In the material below, pictures must be dropped. Repeat exactly, and only, the lines from the line with "Ball de bastons" to the line with "东周村积极盘活闲置资源,建成80栋四季恒温大棚。(无人机照片)张凯 摄", both ends included.

• **RECORDS PROVIDED**:
+++
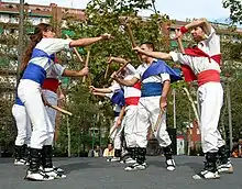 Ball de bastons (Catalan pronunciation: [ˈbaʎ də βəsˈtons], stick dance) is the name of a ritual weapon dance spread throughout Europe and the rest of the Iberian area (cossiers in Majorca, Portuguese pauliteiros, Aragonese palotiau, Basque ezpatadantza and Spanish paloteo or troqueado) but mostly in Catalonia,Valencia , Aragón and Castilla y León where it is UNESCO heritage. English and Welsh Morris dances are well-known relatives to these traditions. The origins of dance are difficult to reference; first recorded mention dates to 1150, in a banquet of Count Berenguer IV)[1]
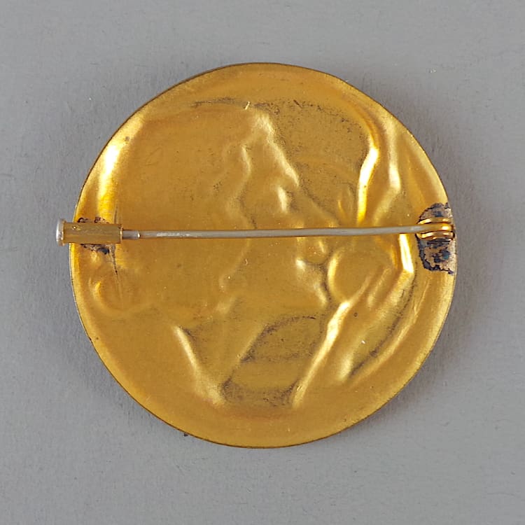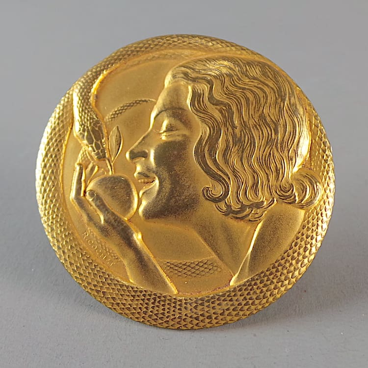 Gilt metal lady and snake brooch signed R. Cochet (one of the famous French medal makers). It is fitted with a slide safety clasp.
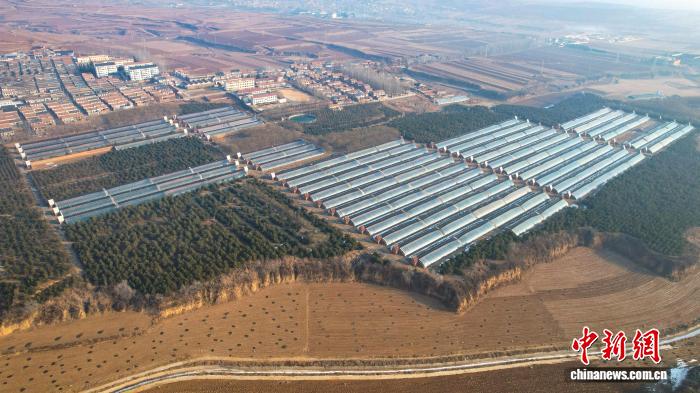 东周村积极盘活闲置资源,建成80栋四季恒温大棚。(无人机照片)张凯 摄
+++
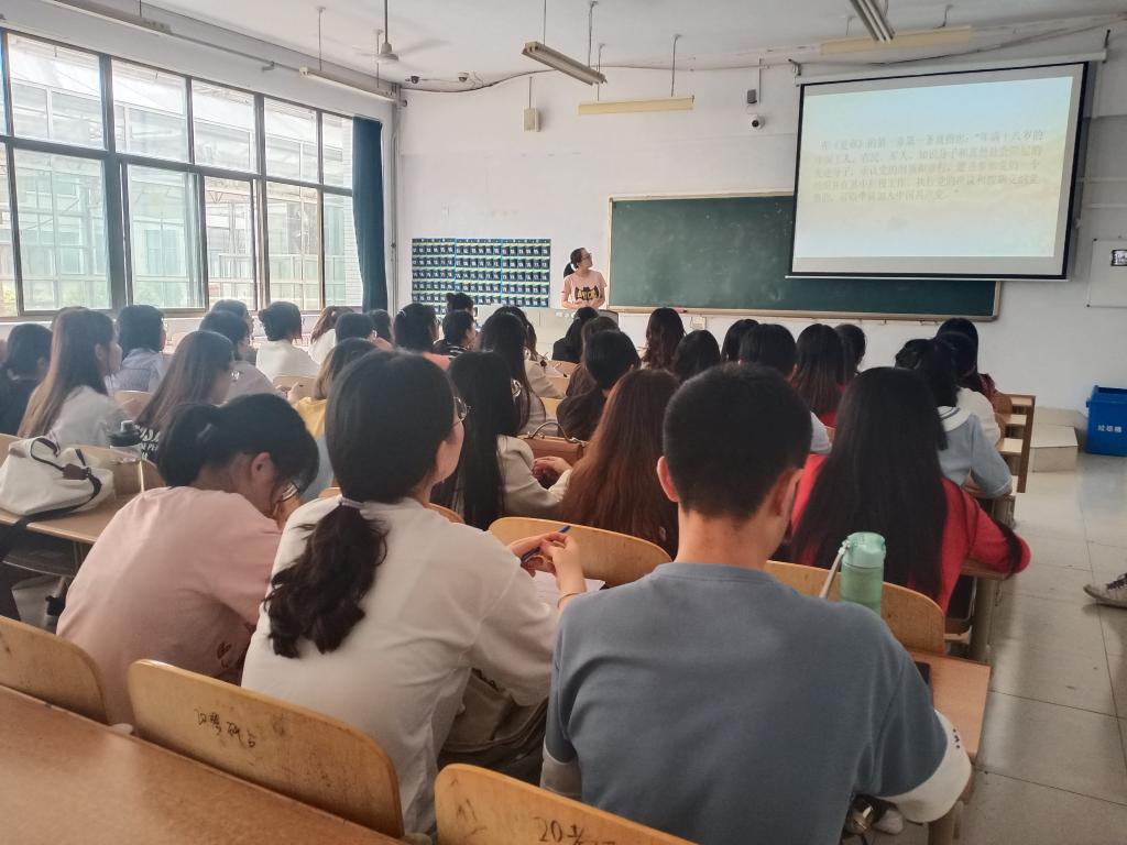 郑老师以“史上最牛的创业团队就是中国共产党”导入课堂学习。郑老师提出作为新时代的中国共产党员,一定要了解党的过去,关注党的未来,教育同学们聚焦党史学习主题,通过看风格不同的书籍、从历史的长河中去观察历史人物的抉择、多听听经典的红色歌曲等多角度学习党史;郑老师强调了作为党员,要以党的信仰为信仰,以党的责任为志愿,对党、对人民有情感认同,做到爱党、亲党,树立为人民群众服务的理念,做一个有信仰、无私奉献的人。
+++
• **THE ANSWER**:
 Ball de bastons (Catalan pronunciation: [ˈbaʎ də βəsˈtons], stick dance) is the name of a ritual weapon dance spread throughout Europe and the rest of the Iberian area (cossiers in Majorca, Portuguese pauliteiros, Aragonese palotiau, Basque ezpatadantza and Spanish paloteo or troqueado) but mostly in Catalonia,Valencia , Aragón and Castilla y León where it is UNESCO heritage. English and Welsh Morris dances are well-known relatives to these traditions. The origins of dance are difficult to reference; first recorded mention dates to 1150, in a banquet of Count Berenguer IV)[1]
 Gilt metal lady and snake brooch signed R. Cochet (one of the famous French medal makers). It is fitted with a slide safety clasp.
 东周村积极盘活闲置资源,建成80栋四季恒温大棚。(无人机照片)张凯 摄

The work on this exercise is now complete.